William Kent nodded. “Fine, fine, Rodney…. Yes, yes.”

Martha sat in the corner on the leather footstool, by the fireplace. For the occasion, she was allowed one drink and she had gulped it. She felt slightly fuzzy and quite sad. She wanted to think of some way to excuse herself and go phone Mary Drew. For days she had wanted to talk to Mary Drew, but there was no way to do that without explaining everything — all that had happened that afternoon, what Rush had said to her, all of that. And the lie she had told, about the man … Mary Drew would hate her for that. It seemed to Martha that she had lost Mary Drew, that things between them could never go on as they had. How she hated Chillam. How she hated Rush for telling her all the things she had, and herself for her own thoughts immediately after. The world seemed so dirty — Roddy with his sneaky ways, and her mother, her own mother. Last night, on Christmas Eve, she had heard her mother’s footsteps on the way to the Crow’s Nest, after her father was asleep. And an hour later, a good hour later, the same steps sneaking back down the stairs.

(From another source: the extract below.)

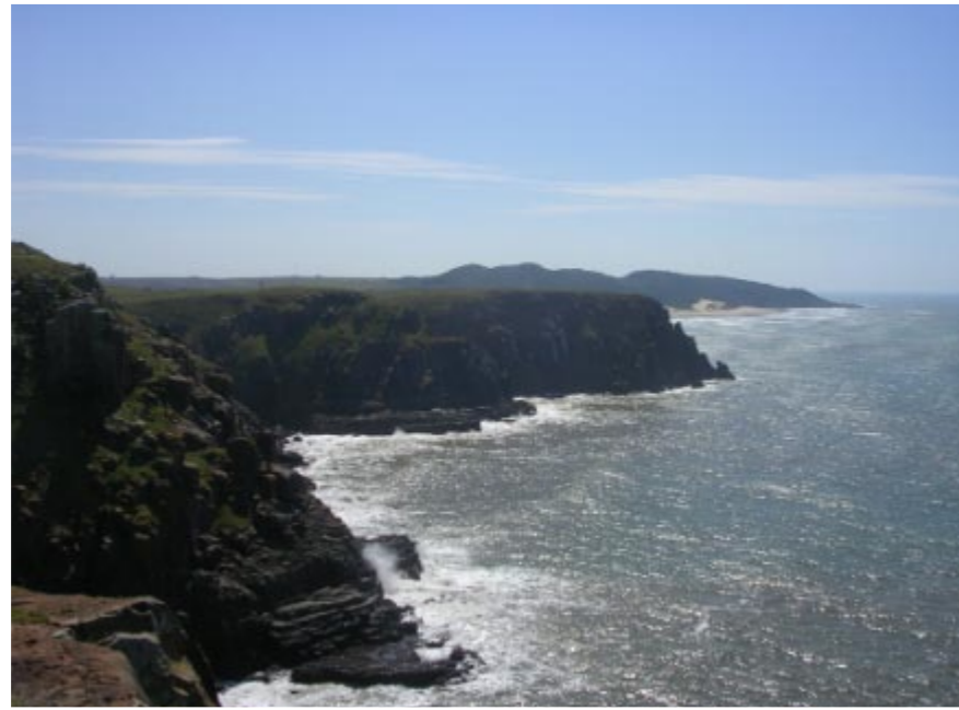
Transkei Coast, South Africa

She had written about it in her diary:

“December 24, 1955. I write this as my own mother makes her way to Roddy’s room, for more of their ugly romance. My father is asleep — poor father, trusting in her! How can she be so vile! Vile is the only word for it, and for everything I wrote about these past days. The only clean tying was what Mary Drew and I had, and I ruined that by listening to Rush’s foul talk. Oh, diary, please help me find a way out of this and back to Mary Drew. We could let the world go to hell then, and not care. God bless Mary Drew, and help me keep from her my filthy thoughts that bothered me about us!”

“Just to think,” Roddy was saying, “that a year ago this time I was over the Atlantic, on my way here. Christmas over the Atlantic. It was a sad time, I’ll tell you.”

“Poor thing,” Helen Kent said.

“And
I
had the Crow’s Nest,” Martha spoke up.

“Aw, Martha, do you miss your room so much?” he asked. He stood by the mantle — tall, lean, handsome, Martha Kent had to admit, with the white-blond hair glistening in the light of the Christmas tree bulbs. “Do you?”

“Wouldn’t
you
miss it? It’s rather like a hide-a-way, I’d say.”

“I used to worry about you when you were in the Crow’s Nest,” William Kent spoke. “It’s too far from your mother and me. If you should cry out in the night or anything, we wouldn’t hear you.”